I suggest that the following key storage utilization ratios (taken directly from this paper) make just as much sense today as they did then:
- Array Overhead is the percentage of installed storage capacity that is not usable. Dividing Array Usable by Array Raw and subtracting that number from 100% yields the percent of overhead. Overhead here is usually due to the desired level of data protection (e.g. RAID, mirroring) rather than to poor management.
- Array Utilization is the percentage of usable array capacity that is allocated to hosts. It indicates the efficiency of storage deployment operations.
- Allocation Efficiency reflects the ratio of storage presented or allocated to hosts to the amount actually seen by them. In many mature environments this ratio is near 100% (i.e. all the storage allocated is being seen), but this ratio can be extremely difficult to determine. It relies on accurate measurements of both Array Used storage and Host Raw.
- Host Overhead reflects the amount of storage configured for use versus the amount the host can see. Since the Host Raw metric is a function of the storage administration team and the Host Usable a function of the systems administration team, this metric is a useful measurement of how well the two functions are cooperating. Data for this classification is collected from the host.
- File System Utilization is the amount of available file system space that actually contains data. File system utilization is familiar to most systems administrators. This metric is often shown in simple system commands like “df” on UNIX or “dir” on Windows. Data for this classification is collected from the host.
- Total Storage Utilization summarizes how well a company manages its storage assets across the entire business. This ratio is the default storage utilization metric used in publications and reflects the actual value an enterprise is deriving from its storage asset. Care is required in calculating this ratio to ensure that it accurately indicates utilization of the storage environment. Since the result of this ratio is often used in business cases and receives wide attention, it must be both logical and defendable.

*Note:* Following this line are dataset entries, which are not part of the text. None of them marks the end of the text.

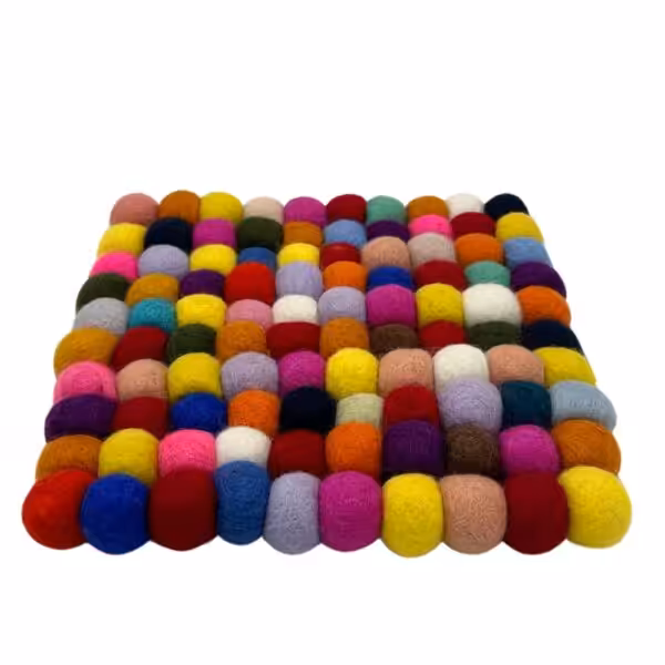 Crafted from high-quality felt balls, this placemat offers durability and a unique design that stands out. Its square shape is versatile, allowing it to accommodate various table sizes and arrangements. The multi-colour scheme adds a playful element to your dining experience, making meals more enjoyable while also serving as an eye-catching centrepiece.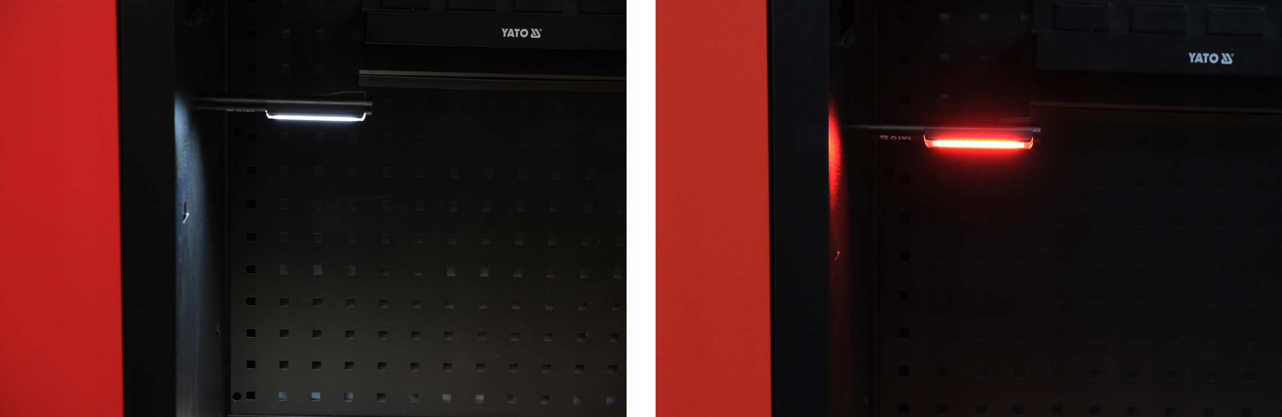 Алюмінієвий інспекційний ліхтарик YATO з 3 режимами роботи, включаючи червону сигнальну лампу. Діод COB забезпечує потужне розсіяне світло 200 лм.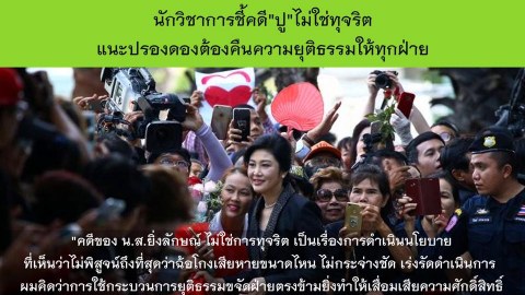 เพจคนรักอดีตนายก ปู อ้างคำกล่าวนักวิชาการ คดี ปู ไม่ใช่ทุจริต พิสูตรยังไม่กระจ่างชัด จะเอาผิดอย่างเดียว ไม่เป็นธรรม แค่อยากขจัดฝ่ายตรงข้าม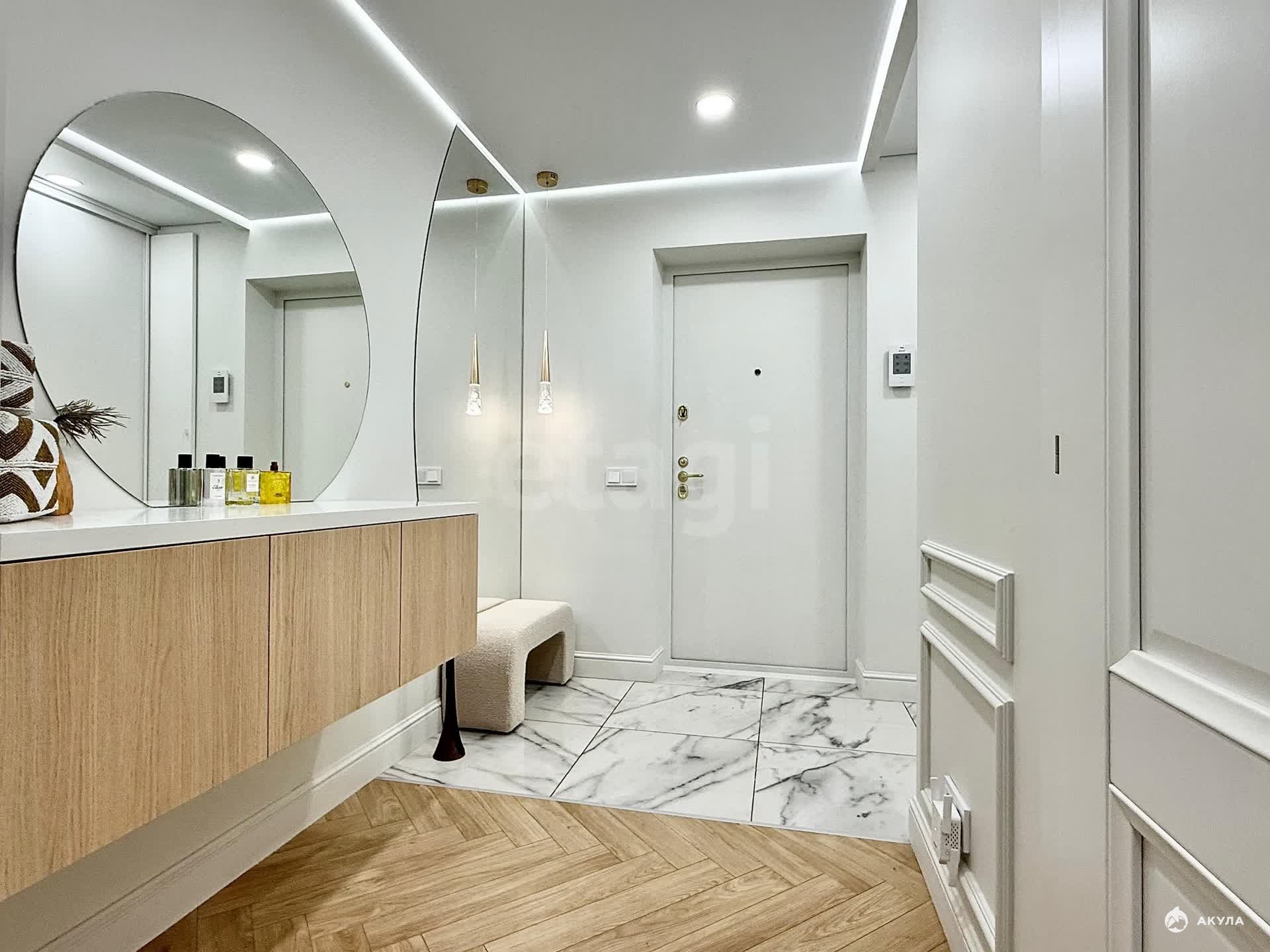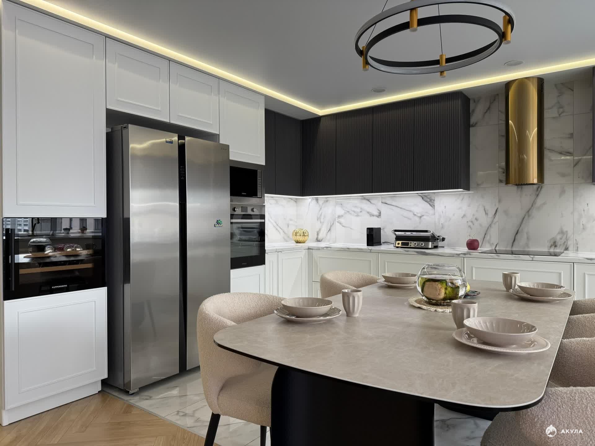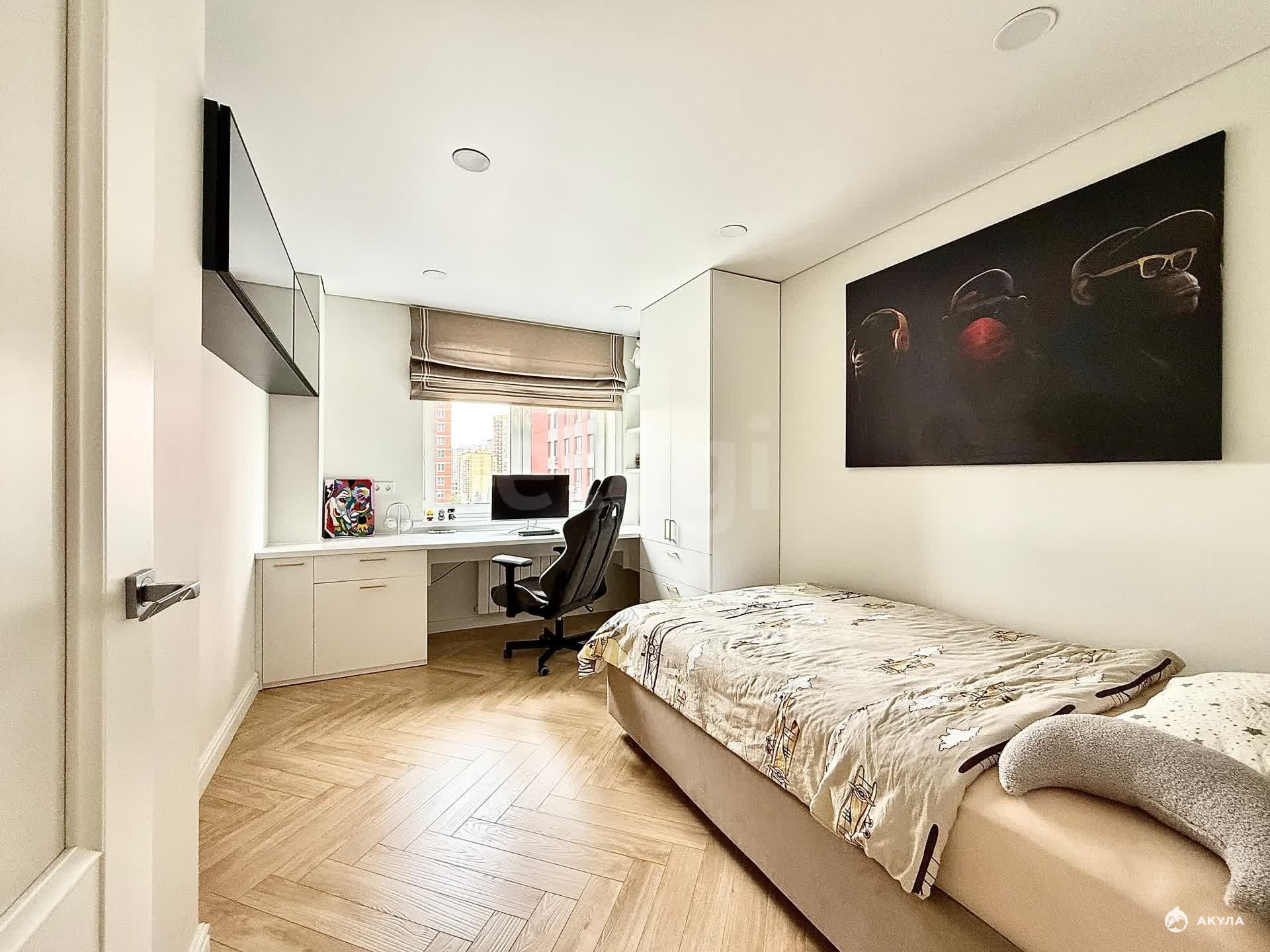 Квартира меблирована большим и вместительным кухонным гарнитуром со встроенной техникой: варочная поверхность, духовой шкаф, микроволновая печь, посудомоечная машина, винный шкаф, вытяжка. Также остается: вся мебель, техника и предметы интерьера.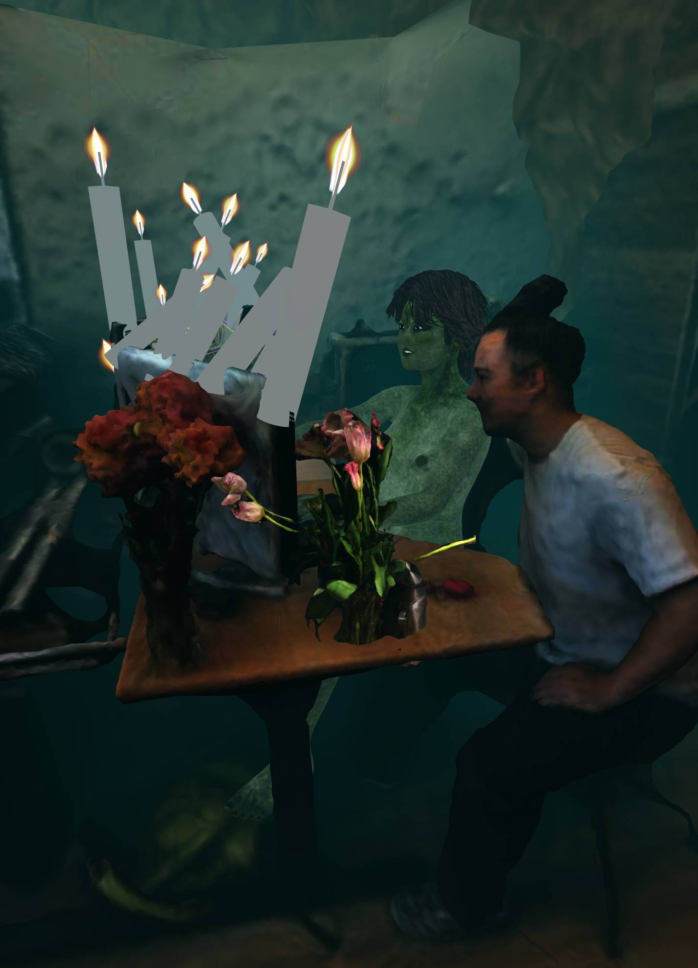 Statement from the Artist:"In 2017 l initiated an autobiographical feminist religion, Leymusoom, as an ever-evolving exploration of my family histories and feminist liberation. Through which, I produced 3D animated videos and interactive games of real and imagined worlds, populated by avatars of my female ancestors, living in 3D environments from actual locations or spaces from my life and family history.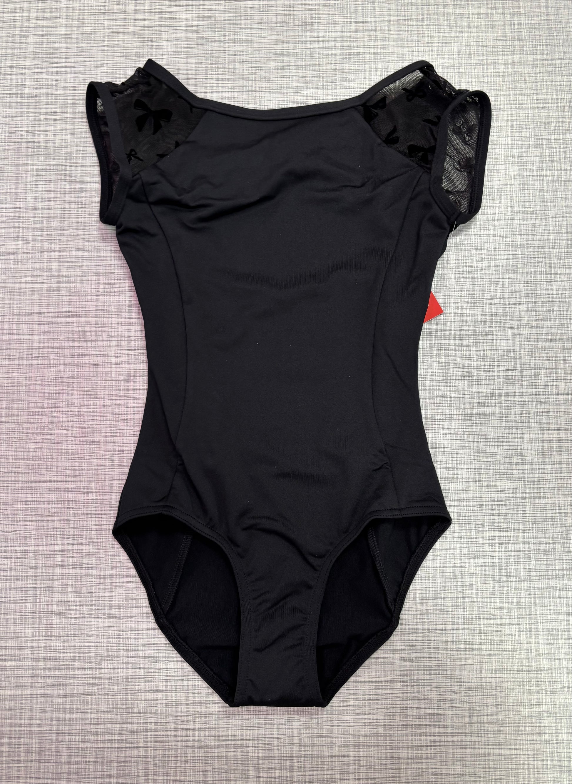 The Encore Leotard from the limited edition Take a Bow collection is designed for dancers who love to dazzle! This charming raglan cap sleeve leotard features a stylish scoop front and enchanting bow pattern mesh sleeves that add a touch of whimsy. With flattering princess seams in both the front and back, a soft V back neckline, and a ruched center back, this leotard ensures a comfortable fit. The bow pattern back mesh yoke and lower back opening make for delightful details.

To these, I would add another intermediate and optional set of virtualization metrics and ratios for environments with storage or server virtualization. One could also presumably add a higher-level set of application efficiency ratios as well.
In the paper, Jon and I also proposed three best practices to improve storage utilization:
- Drive Array Utilization (Array Usable to Array Used) to greater than 90% (a storage administration responsibility)
- Drive Allocation Efficiency: Bring Host Usable to be as close to Array Used as possible (a joint responsibility)
- Drive Filesystem Utilization (”Host Usable to Host Used”) above 80% (a systems administration responsibility)
Go read the paper and let me know what you think. Are we still stuck in 2001?